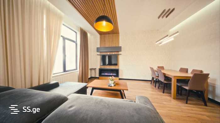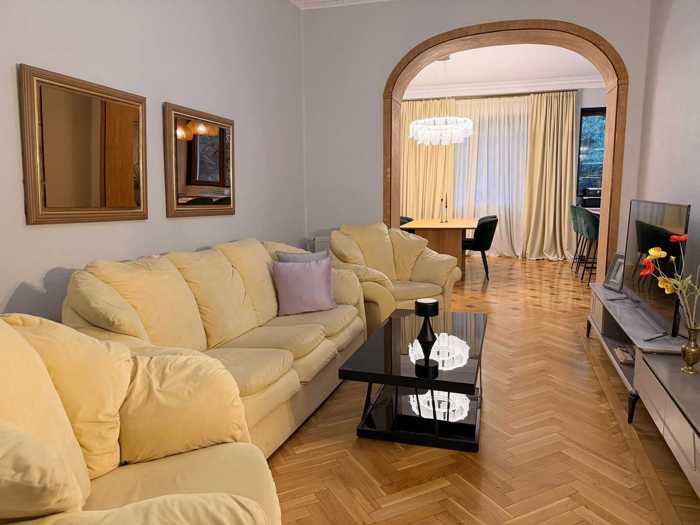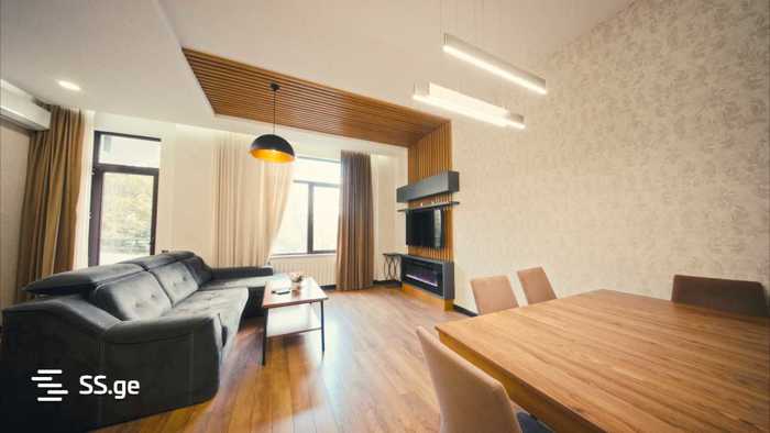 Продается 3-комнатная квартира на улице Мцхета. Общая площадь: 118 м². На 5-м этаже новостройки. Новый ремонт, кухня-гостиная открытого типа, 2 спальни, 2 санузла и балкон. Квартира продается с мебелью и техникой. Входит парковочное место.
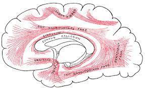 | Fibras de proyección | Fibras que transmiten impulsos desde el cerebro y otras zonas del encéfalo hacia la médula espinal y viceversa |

...

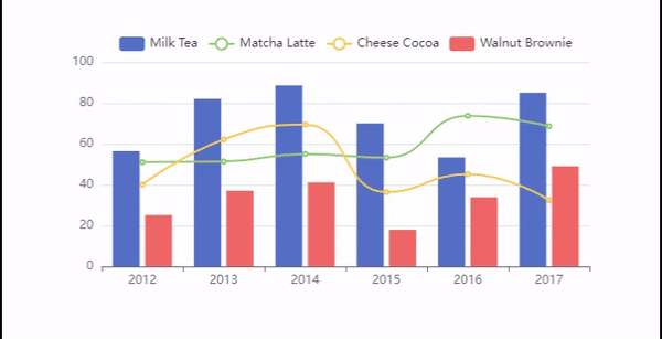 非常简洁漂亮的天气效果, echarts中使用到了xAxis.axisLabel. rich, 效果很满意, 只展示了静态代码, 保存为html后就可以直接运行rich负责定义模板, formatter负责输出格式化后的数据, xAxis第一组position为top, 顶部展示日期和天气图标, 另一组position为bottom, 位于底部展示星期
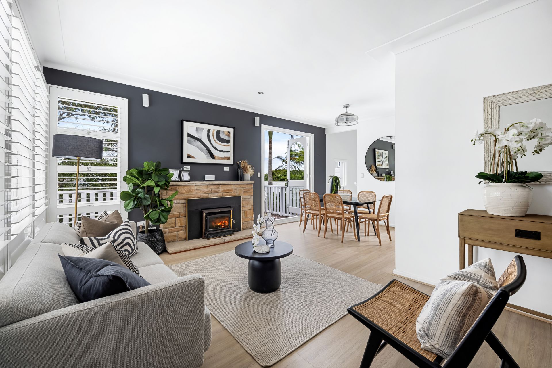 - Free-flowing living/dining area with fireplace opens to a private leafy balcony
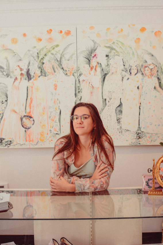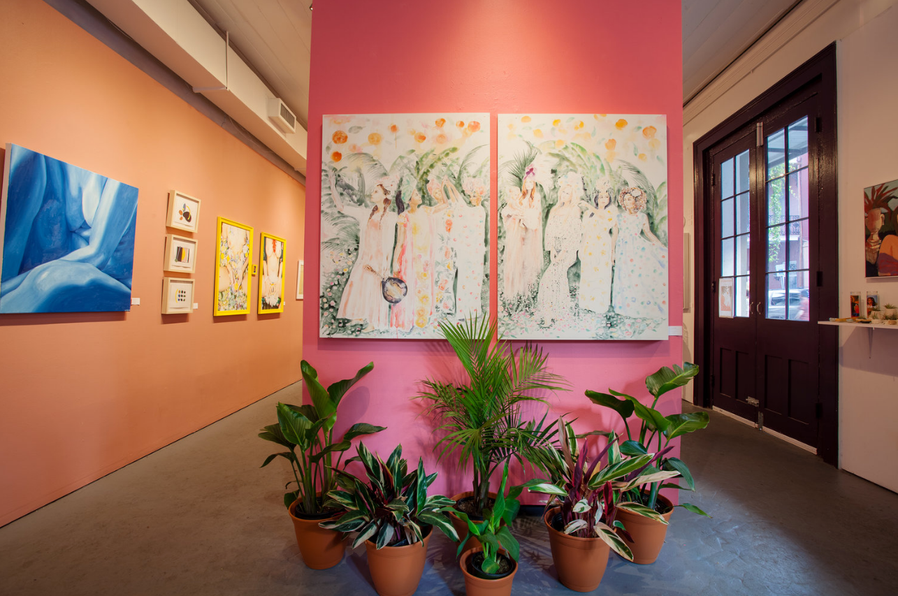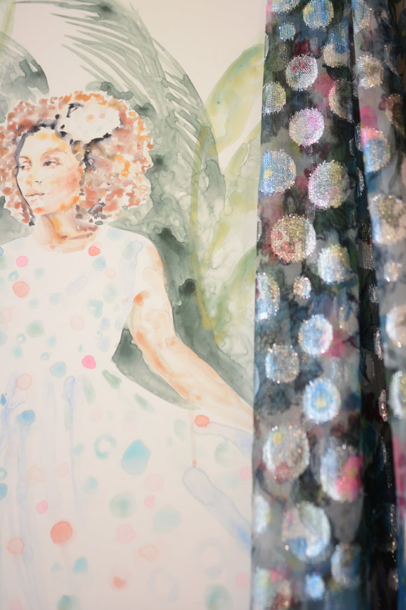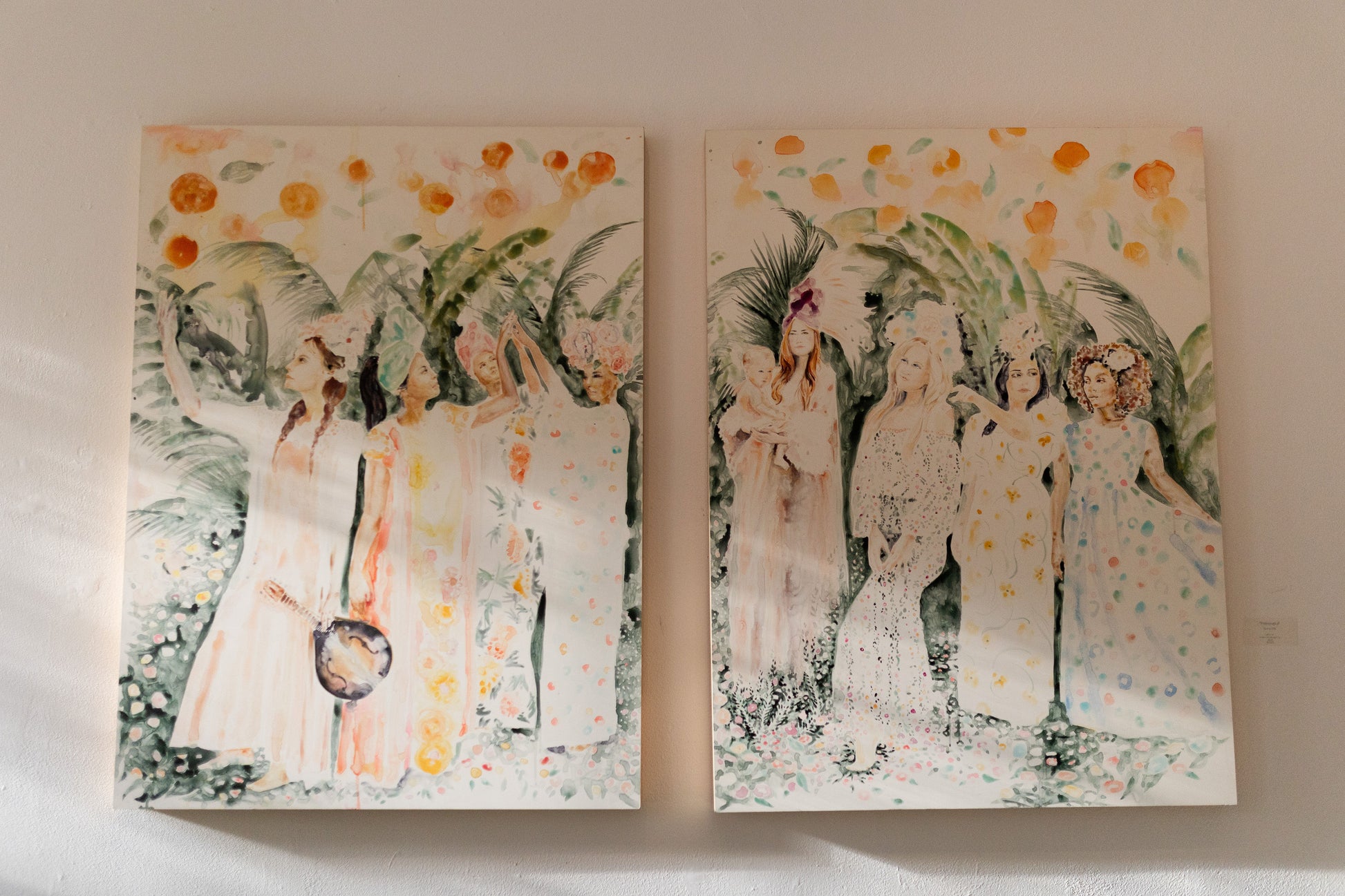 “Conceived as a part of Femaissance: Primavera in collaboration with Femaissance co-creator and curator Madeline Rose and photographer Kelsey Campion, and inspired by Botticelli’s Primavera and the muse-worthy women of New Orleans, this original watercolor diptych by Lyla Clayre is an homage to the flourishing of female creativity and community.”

--

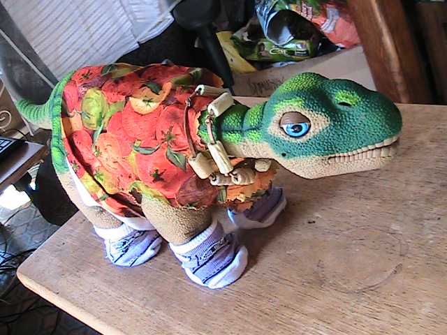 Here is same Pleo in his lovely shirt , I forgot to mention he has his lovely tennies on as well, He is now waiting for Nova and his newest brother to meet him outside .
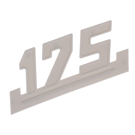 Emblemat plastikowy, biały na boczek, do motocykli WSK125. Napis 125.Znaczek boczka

**Exercise instructions**. What is needed is an exact copy of the lines above from the one with "- Free-flowing living/dining" to the one with "of Femaissance: Primavera", both ends kept, and nothing more; please leave the pictures out.

**Result below**.
 - Free-flowing living/dining area with fireplace opens to a private leafy balcony
 “Conceived as a part of Femaissance: Primavera in collaboration with Femaissance co-creator and curator Madeline Rose and photographer Kelsey Campion, and inspired by Botticelli’s Primavera and the muse-worthy women of New Orleans, this original watercolor diptych by Lyla Clayre is an homage to the flourishing of female creativity and community.”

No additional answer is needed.